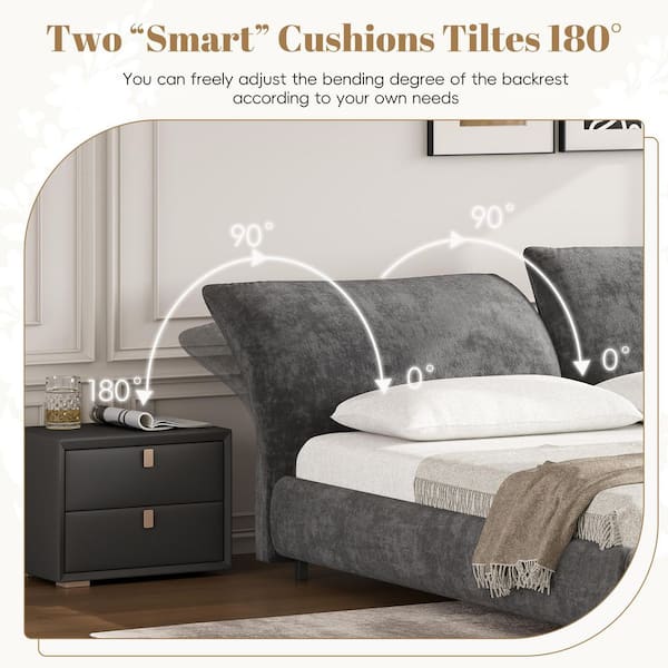 Hargs Contemporary Adjustable Cushions Headboard Dark Gray Fabric Fabric Upholstered Wood Frame King Size Platform Bed
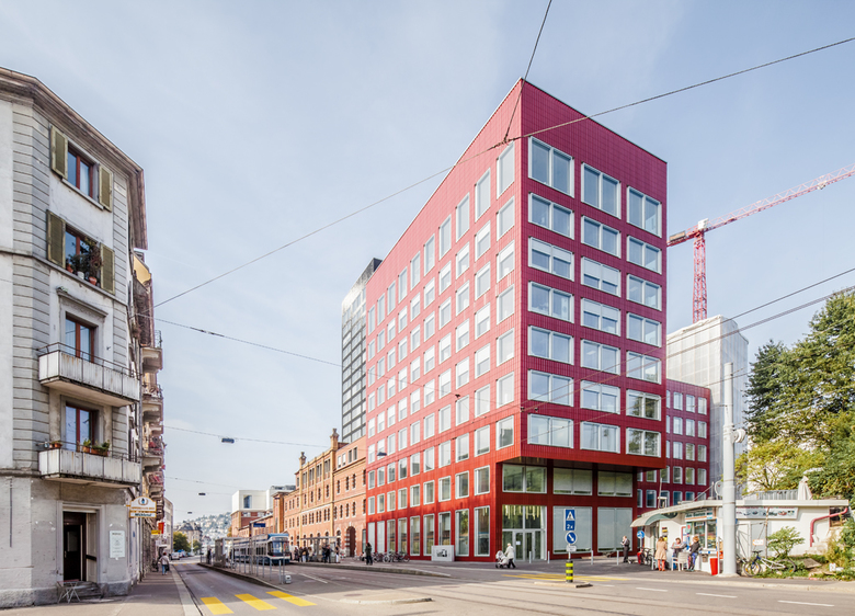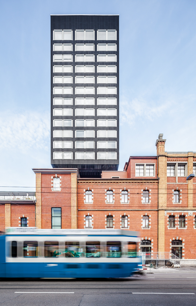 Das Hochhaus in der Mitte des Löwenbräu-Areals wirkt als Schwer- und Drehpunkt der Anlage. Ein Neubauvolumen setzt einen deutlichen Akzent an der Ecke Limmatstrasse/Dammweg und bildet zusammen mit dem Stahlsilo und Hochhaus eine volumetrische Verdichtung. Als Gegenstück werden die Aufstockung der Kunsthalle an der Ecke Limmatstrasse/Gerstenstrasse und die beiden hohen Häuser des Swissmill-Areals wichtig. Es entsteht eine ausgewogene Gruppe hoher Häuser, die einen markanten, wiedererkennbaren Ort im Quartier bilden.
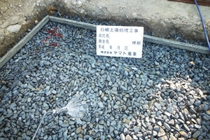 2015/1/20土壌処理 N邸 国府町川原田★工事の進捗状況★ N様 国府町川原田上棟 → 建て方 → 土台敷き → 浄化槽埋設 → コンクリート基礎 →型枠 → コンクリート打ち → 基礎配筋 → 捨てコン →防湿シート → 土壌処理 → 砕石 → 遣り方 → 地耐圧検査 → 地鎮祭 ★サーロジックのホームページヘ ★ 今、ご覧いただいているのはサーロジックの ブログのページ です
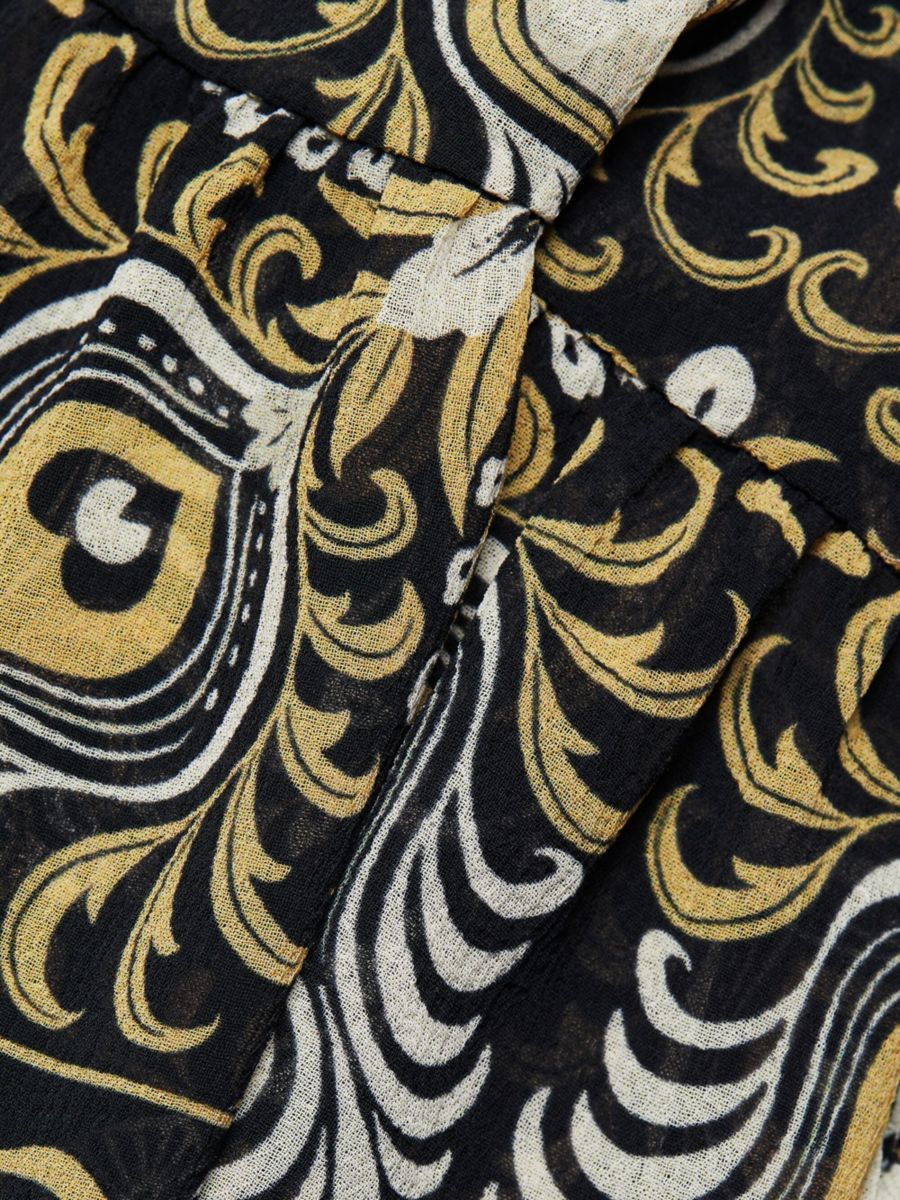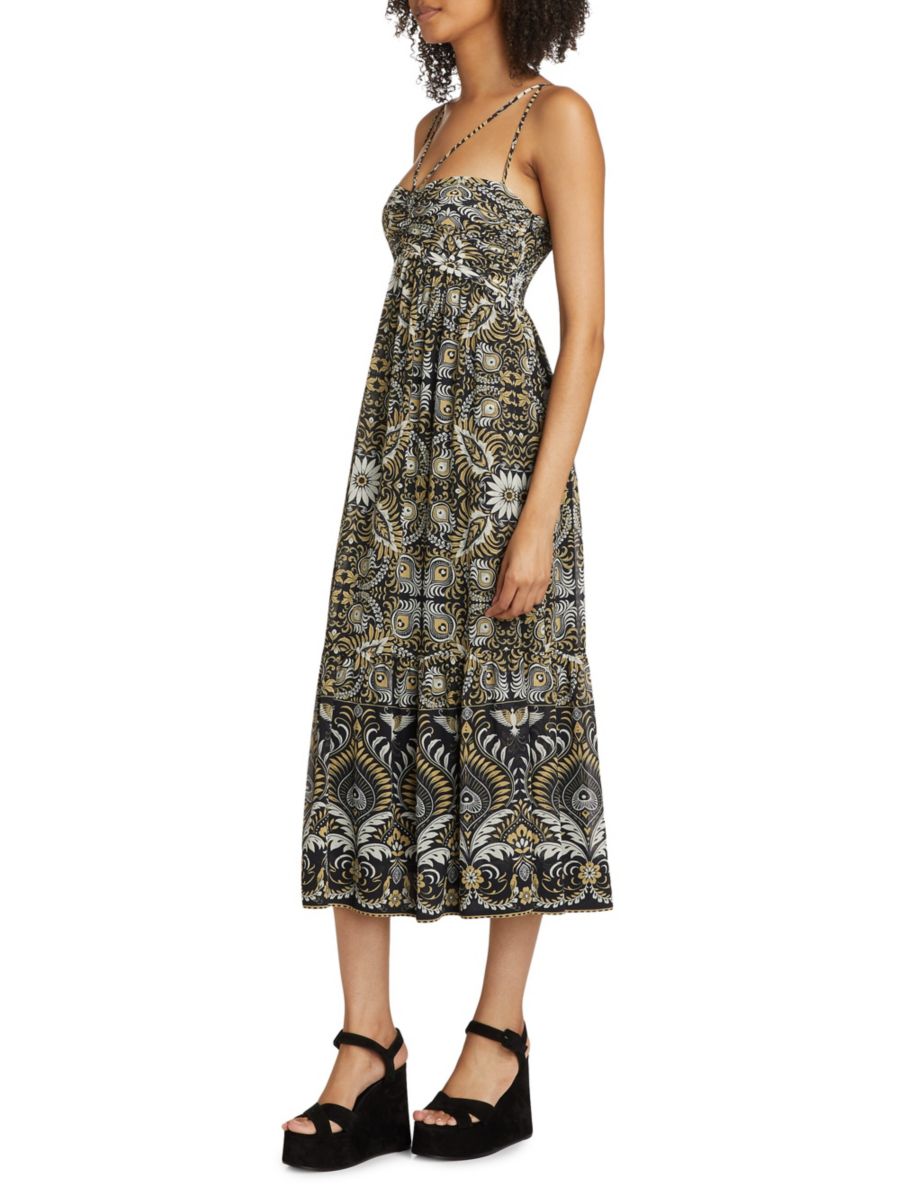 Платье миди Arya от Kobi Halperin отличается классическим А-силуэтом и фирменным принтом Odyssey. Это изделие с американской проймой и присборенным лифом.

(Prompt):
Produce a word-for-word version of the material, with no pictures included.

(Your response):
 Hargs Contemporary Adjustable Cushions Headboard Dark Gray Fabric Fabric Upholstered Wood Frame King Size Platform Bed
 Das Hochhaus in der Mitte des Löwenbräu-Areals wirkt als Schwer- und Drehpunkt der Anlage. Ein Neubauvolumen setzt einen deutlichen Akzent an der Ecke Limmatstrasse/Dammweg und bildet zusammen mit dem Stahlsilo und Hochhaus eine volumetrische Verdichtung. Als Gegenstück werden die Aufstockung der Kunsthalle an der Ecke Limmatstrasse/Gerstenstrasse und die beiden hohen Häuser des Swissmill-Areals wichtig. Es entsteht eine ausgewogene Gruppe hoher Häuser, die einen markanten, wiedererkennbaren Ort im Quartier bilden.
 2015/1/20土壌処理 N邸 国府町川原田★工事の進捗状況★ N様 国府町川原田上棟 → 建て方 → 土台敷き → 浄化槽埋設 → コンクリート基礎 →型枠 → コンクリート打ち → 基礎配筋 → 捨てコン →防湿シート → 土壌処理 → 砕石 → 遣り方 → 地耐圧検査 → 地鎮祭 ★サーロジックのホームページヘ ★ 今、ご覧いただいているのはサーロジックの ブログのページ です
 Платье миди Arya от Kobi Halperin отличается классическим А-силуэтом и фирменным принтом Odyssey. Это изделие с американской проймой и присборенным лифом.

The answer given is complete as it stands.